● **TASK STATEMENT**:
Only the lines from the one containing "Figure 16.3 shows" through the end of the data are wanted, reproduced exactly and without pictures.

● **SOURCE RECORDS**:
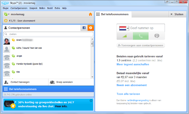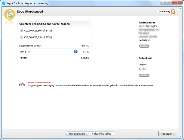 U kunt geen telefoonnummers bellen zonder Skype-tegoed. Dit tegoed kunt u eenvoudig aanvragen door in het venster Bel telefoonnummers te klikken op Meer tegoed aanschaffen. In het venster dat verschijnt, kunt u kiezen tussen twee bedragen: 10 of 25 euro. U dient vervolgens wat factuurgegevens in te voeren (zoals een factuuradres) en een betaalmethode te selecteren. Gelukkig zijn er legio betaalmogelijkheden, zoals overschrijving, creditcard, PayPal en iDeal. Het tegoed wordt direct bijgeschreven, behalve bij een handmatige overschrijving.
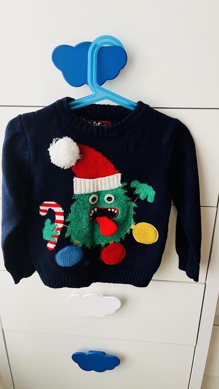 Продам прикольный новогодний свитерок на 2-4 года. Глаза-пуговички. Внизу красный кружочек мигает при нажатии.
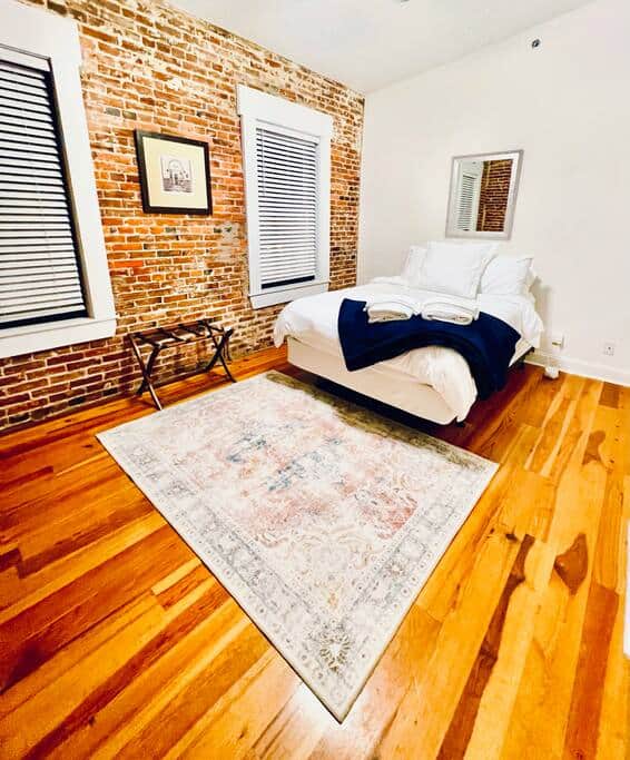 You will be in the heart of historic downtown Wilmington, NC! Steps from shops, restaurants, coffee shops, and the Riverwalk! See a show at the downtown waterfront amphitheater! Take in a sunset cruise, a carriage ride, or just stroll through the streets. Eating dinner may be on a balcony overlooking the infamous Cape Fear River or in one of the many locally owned, beautiful restaurants! Done with walking? Enjoy some time inside your spacious, cozy suite perfectly appointed just for you! Welcome to the amazing, beautiful, 100+-year-old Front Street Suites! You cannot be in a better downtown Wilmington location as you are on the corner of Market Street and Front Street! The apartment is on the second floor of a 100+-year-old building! Beautiful exposed brick and 500 square feet all to yourself! You have a fully stocked kitchen with everything you need from wine glasses to beautiful dinnerware to, most important, coffee and teas to wake you up for your day! There is a bar with seating for your snacks or meals. Snacks and water are provided for your arrival and comfort as a “welcome” and “thank you” for being our guest. The living room is designed to be cozy with lots of space to snuggle up and watch a movie on the big-screen television. The television is set up with streaming services so bring your logins and keep up with your favorite programs and movies while in your home away from home! The bathroom has plenty of space, a walk-in tiled shower, ample lighting, and plenty of counter space. Basic toiletries are provided as well as a hairdryer and cozy bath mats. The bedroom is super cozy and comfortable with a substantial comforter, extra blankets, and plenty of pillows. All linens are white, crisp, and clean except for the extra blankets giving the space some much-needed texture, color, and warmth. The bedroom has earplugs for each guest because the building is over 100 years old and is located right in the heart of the downtown activities. This is not the quietest location but it is the most convenient with the most to offer within walking distance. When you walk outside, be ready to be in the thick of the downtown activities, restaurants, and nightlife. Carriage rides are on the same corner as the building and there are numerous restaurants at the same intersection as the unit. Welcome to Wilmington! Have an amazing stay! We love to host! Let us know if there is anything we can do to improve your experience! We hope you love your experience and will return to stay with us many times! The door to the building is noted with the address. The door is black with large lettering with the address. The door has a combination lock that guests will receive prior to check-in. Guests will walk up one flight of stairs to a common landing/hallway. The unit door is at the top of the stairs off the landing/hallway. This is a common space. Once you enter the apartment, the entire apartment is private and for the use of only the guests on the registration. You will access the apartment from another keypad and your access code to your unit will be the last four digits of the primary guest’s phone number. The check-in is contactless. Messages will be answered asap. Any additional interactions are at the guests’ request. The neighborhood is in historic downtown Wilmington, NC! This is the place to be for all entertainment and activities! Step outside to wonderful restaurants, coffee shops, and nightlife. Walk around and experience carriage rides through historic neighborhoods, boat rides on the infamous Cape Fear, ghost tours, music venues, and the unbeatable Riverwalk! This is where people go to enjoy everything a historic downtown has to offer and has been offering for hundreds of years! There is street parking that can be paid for, extended, and updated via the PayByPhone app. Street parking is paid daily from 9:00 am to 6:30 pm in varied intervals from .5 to 2-hour increments. There is also a parking deck about 100 feet away where you can park and leave for the term of your stay. The parking deck is recommended and enjoying amenities within walking distance is ideal! The parking deck location is: 115 Market Street Wilmington, NC 28401
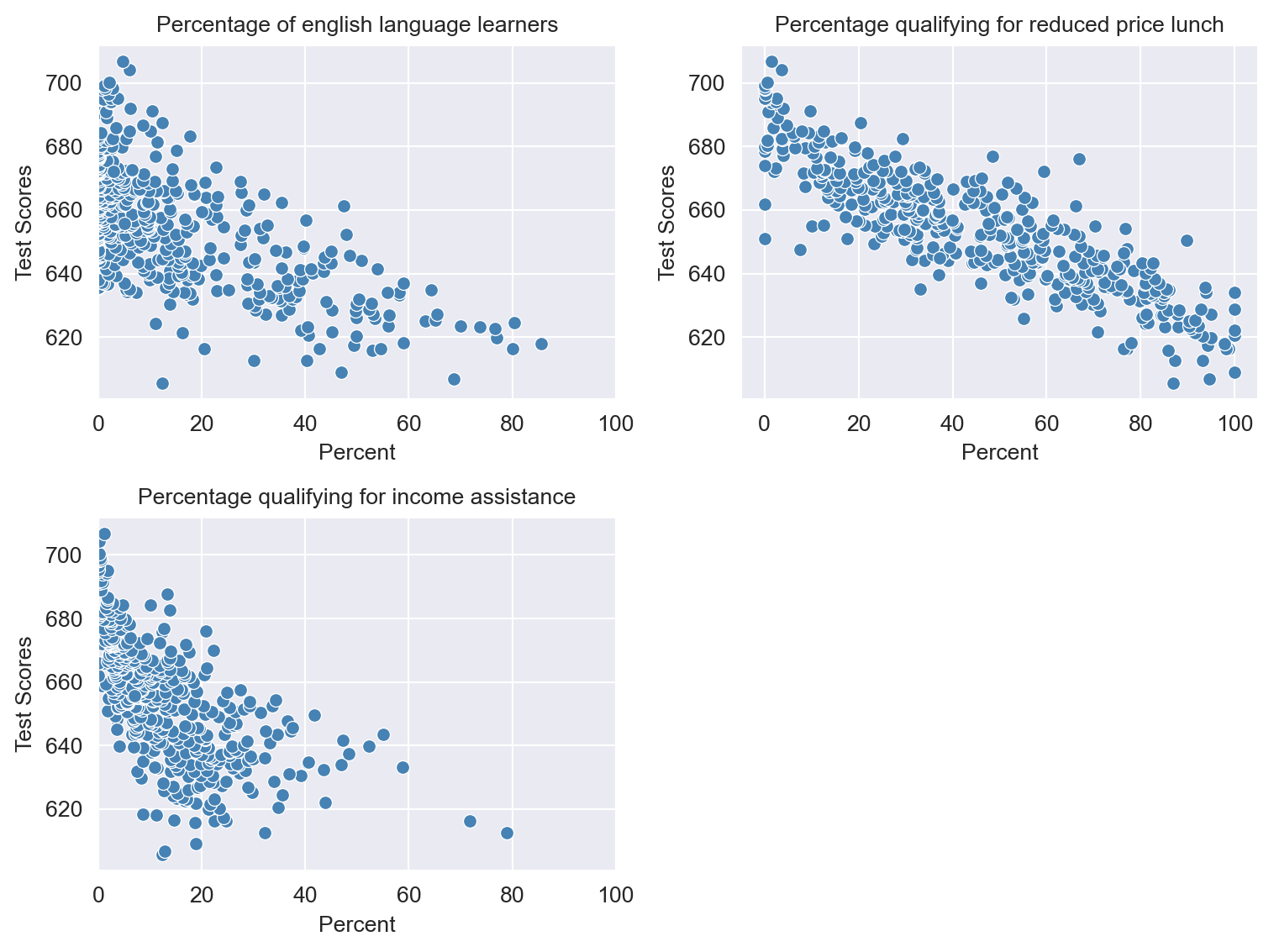 Figure 16.3 shows the scatterplots between these variables and the test scores. We observe that each variable is negatively correlated with the test scores.
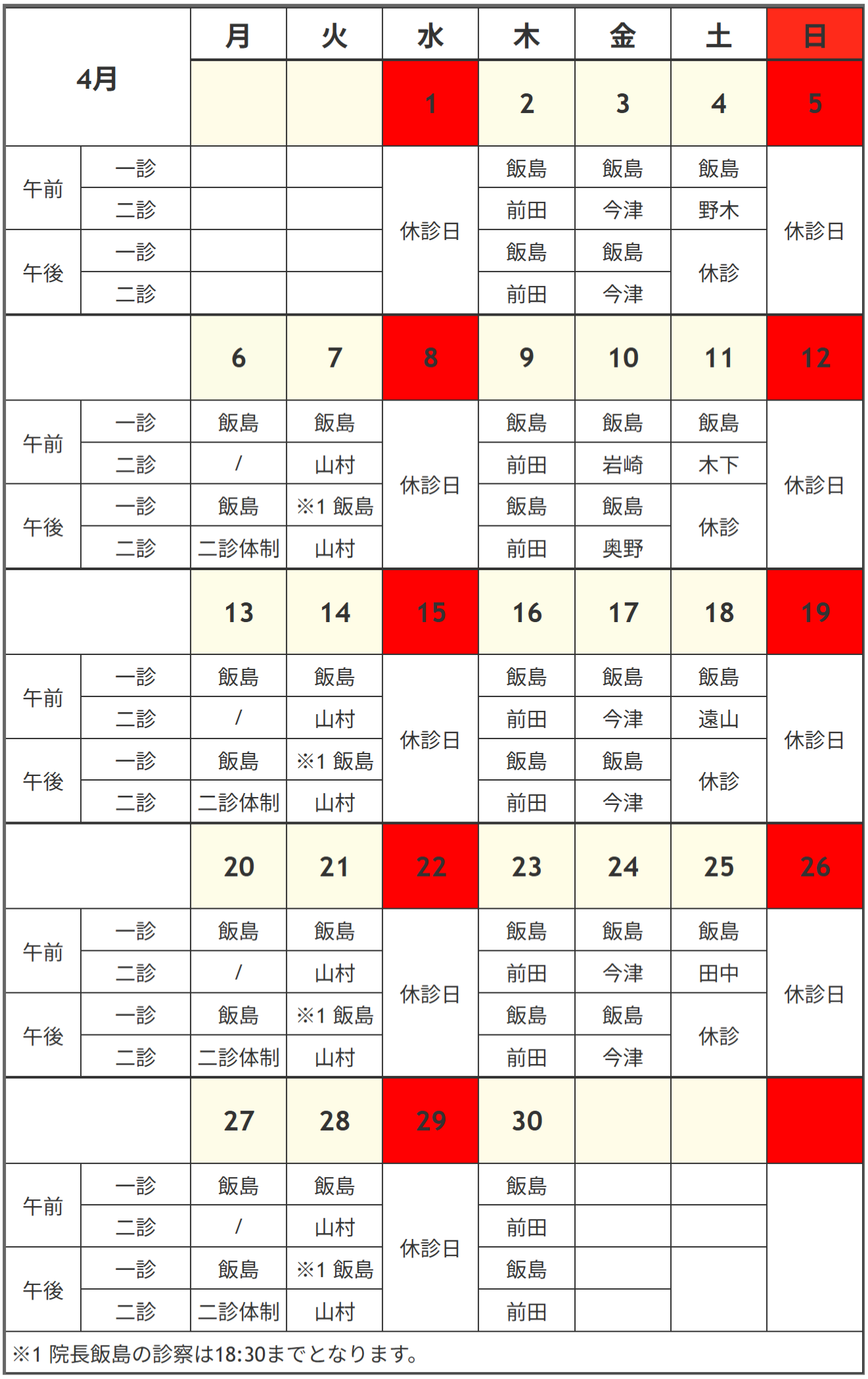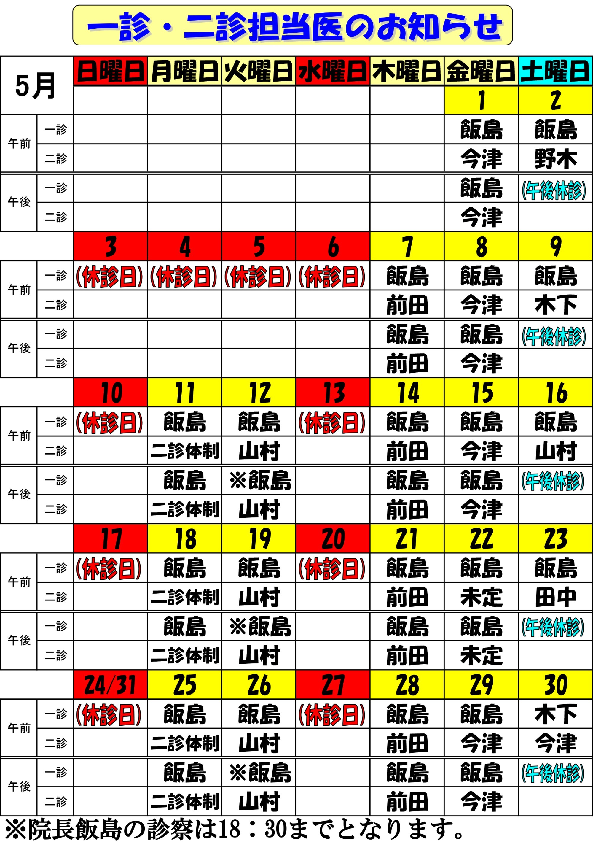 一診・二診 担当医のお知らせ
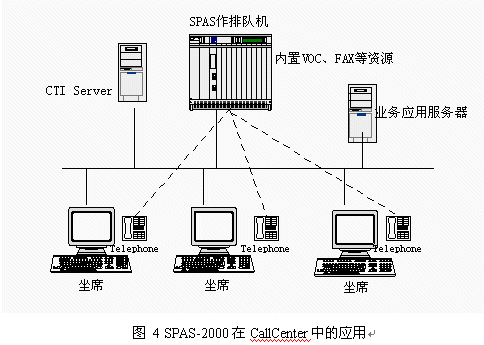 目前國內(nèi)呼叫中心的建設(shè)方興未艾,企業(yè)為了改善服務(wù),贏得客戶,紛紛建設(shè)自身的呼叫中心。如果建立呼叫中心全部采用國外設(shè)備,價格非常昂貴,使很多客戶望而卻步。這樣大的投資目前也只有電信(包括移動和聯(lián)通)、電力、銀行等資金充裕的行業(yè)才能承受。而且,根據(jù)我方了解,即使這些行業(yè)也在控制采購成本,原先只注重名牌,不計(jì)成本的情況正在改變。而在目前宏觀經(jīng)濟(jì)形勢不景氣的大背景下,大中型企業(yè)既要加快企業(yè)信息化建設(shè),保住客戶,降低成本,又要精打細(xì)算,規(guī)避投資風(fēng)險(xiǎn)。我們掌握建立呼叫中心設(shè)備的所有核心技術(shù),因此在呼叫中心應(yīng)用方面有很大的價格優(yōu)勢,這樣就降低了擁有呼叫中心的門檻,在這個市場上也有很強(qiáng)的競爭力。采用SPAS-2000可編程交換機(jī)支持智能業(yè)務(wù)通用編程接口,可以作為CallCenter核心設(shè)備,應(yīng)用圖見圖4:

● **ANSWER AREA**:
 Figure 16.3 shows the scatterplots between these variables and the test scores. We observe that each variable is negatively correlated with the test scores.
 一診・二診 担当医のお知らせ
 目前國內(nèi)呼叫中心的建設(shè)方興未艾,企業(yè)為了改善服務(wù),贏得客戶,紛紛建設(shè)自身的呼叫中心。如果建立呼叫中心全部采用國外設(shè)備,價格非常昂貴,使很多客戶望而卻步。這樣大的投資目前也只有電信(包括移動和聯(lián)通)、電力、銀行等資金充裕的行業(yè)才能承受。而且,根據(jù)我方了解,即使這些行業(yè)也在控制采購成本,原先只注重名牌,不計(jì)成本的情況正在改變。而在目前宏觀經(jīng)濟(jì)形勢不景氣的大背景下,大中型企業(yè)既要加快企業(yè)信息化建設(shè),保住客戶,降低成本,又要精打細(xì)算,規(guī)避投資風(fēng)險(xiǎn)。我們掌握建立呼叫中心設(shè)備的所有核心技術(shù),因此在呼叫中心應(yīng)用方面有很大的價格優(yōu)勢,這樣就降低了擁有呼叫中心的門檻,在這個市場上也有很強(qiáng)的競爭力。采用SPAS-2000可編程交換機(jī)支持智能業(yè)務(wù)通用編程接口,可以作為CallCenter核心設(shè)備,應(yīng)用圖見圖4:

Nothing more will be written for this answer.